On 05/13/2015 10:34 PM, Derek White wrote:
Hi Peter,

I don't have smoking gun evidence that your change introduces a bug,
but I have some concerns...
I did have a concern too, ...

On 5/12/15 6:05 PM, Peter Levart wrote:
Hi Dmitry,

You iterate the queue then, not the unfinalized list. That's more
logical.

Holding the queue's lock may pause reference handler and finalizer
threads for the entire time of iteration. This can blow up the
application. Suppose one wants to diagnose the application because he
suspects that finalizer thread hardly keeps up with production of
finalizable instances. This can happen if the allocation rate of
finalizable objects is very high and/or finalize() methods are not
coded to be fast enough. Suppose the queue of Finalizer(s) builds up
gradually and is already holding several million objects. Now you
initiate the diagnostic command to print the queue. The iteration
over and grouping/counting of several millions of Finalizer(s) takes
some time. This blocks finalizer thread and reference handler thread.
But does not block the threads that allocate finalizable objects. By
the time the iteration is over, the JVM blows up and application
slows down to a halt doing GCs most of the time, getting OOMEs, etc...

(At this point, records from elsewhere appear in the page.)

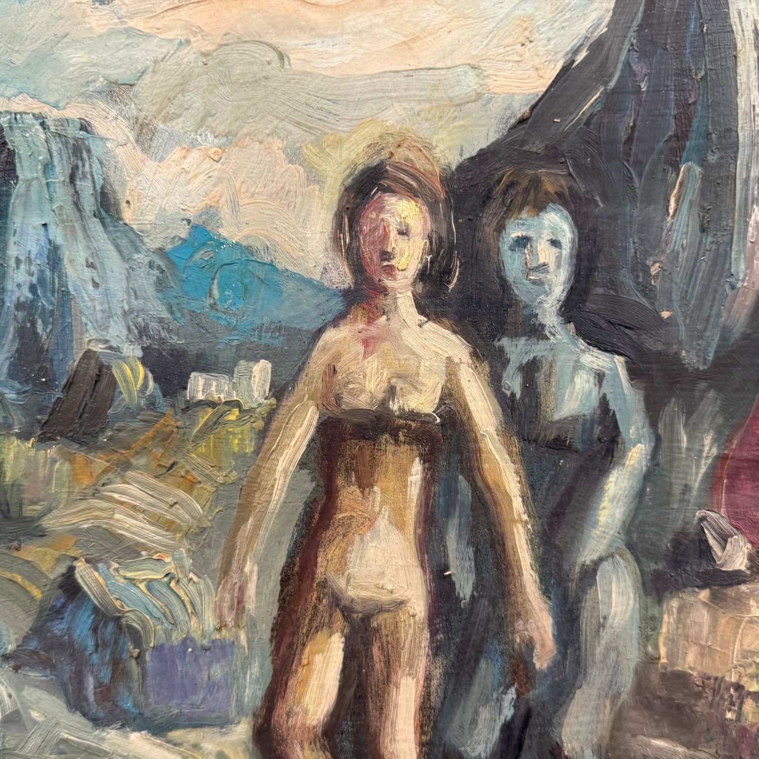 Dipinto olio su pannello, periodo XX secolo scuola Italiana, raffigurante Figure femminili.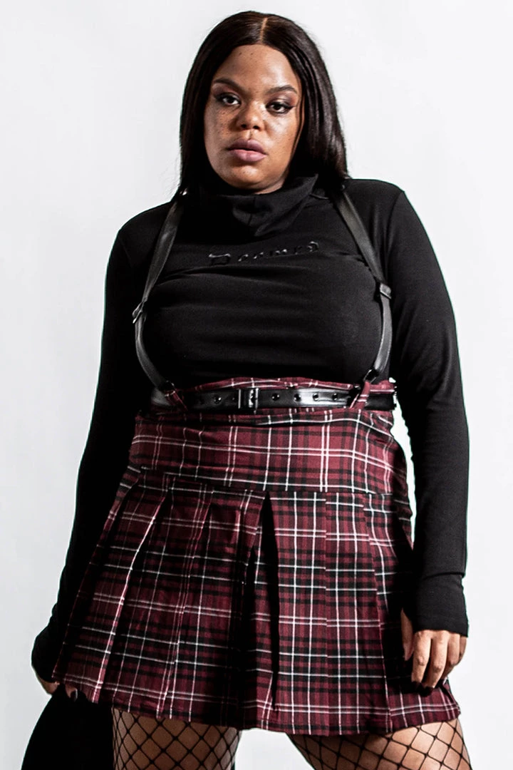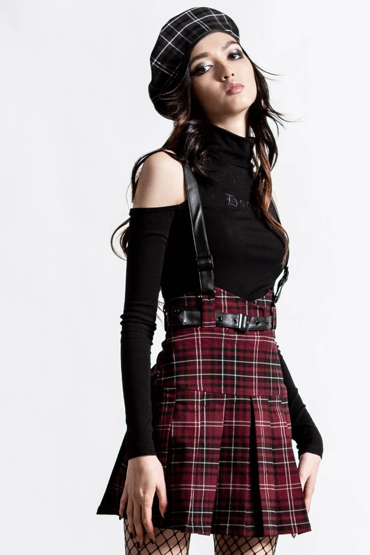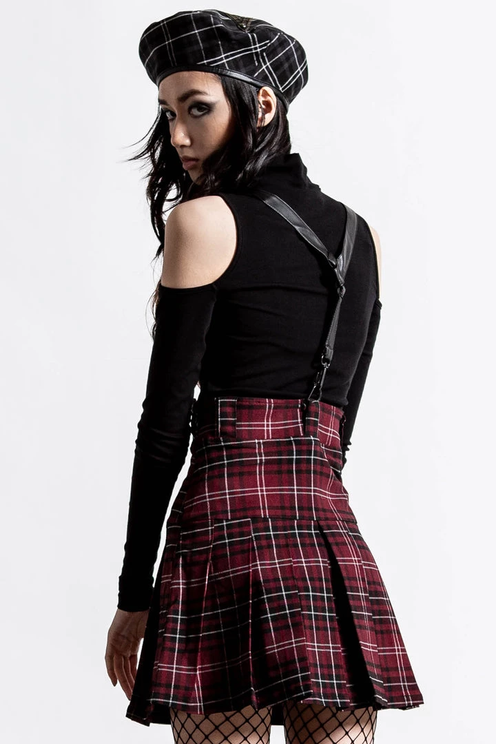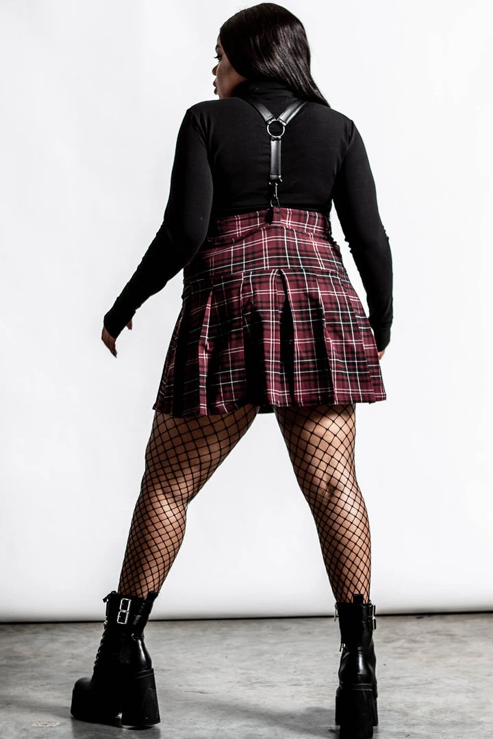 Killstar Women’s Stuff Shadows Suspender Mini Skirt [BLOOD TARTAN]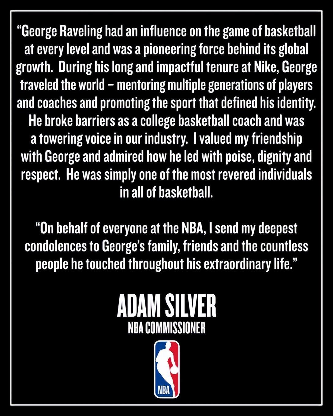 “作为大学篮球教练,他打破了行业壁垒;在篮球领域,他的声音极具分量。我珍视与乔治的友谊,也钦佩他始终以沉稳、庄重与尊重的态度待人处事。他无疑是整个篮球界最受敬仰的人物之一。谨代表NBA全体成员,向乔治的家人、朋友,以及所有在他非凡一生中受其影响的人们,致以最深切的哀悼。”

It is possible to iterate the elements of the queue for diagnostic
purposes without holding a lock. The modification required to do that
is the following (havent tested this, but I think it should work):

http://cr.openjdk.java.net/~plevart/misc/Finalizer.printFinalizationQueue/webrev.01/

One issue to watch out for is the garbage collectors inspect the
Reference.next field from C code directly (to distinguish active vs.
pending, iterate over oops, etc.). You can search hotspot for
java_lang_ref_Reference::next*, java_lang_ref_Reference::set_next*.

Your change makes "inactive" References superficially look like
"enqueued" References. The GC code is rather subtle and I haven't yet
seen a case where it would get confused by this change, but there
could easily be something like that lurking in the GC code.
...but then I thought that GC can in no way treat a Reference
differently whether it is still enqueued in a ReferenceQueue or already
dequeued (inactive) - responsibility is already on the Java side.
Currently the definition of Reference.next is this:

     /* When active:   NULL
      *     pending:   this
      *    Enqueued:   next reference in queue (or this if last)
      *    Inactive:   this
      */
     @SuppressWarnings("rawtypes")
     Reference next;

We see that, unless GC inspects all ReferenceQueue instances and scans
their lists too, the state of a Reference that is enqueued as last in
list is indistinguishable from the state of inactive Reference. So I
deduced that this distinction (enqueued/inactive) can't be established
solely on the value of .next field ( == this or != this)...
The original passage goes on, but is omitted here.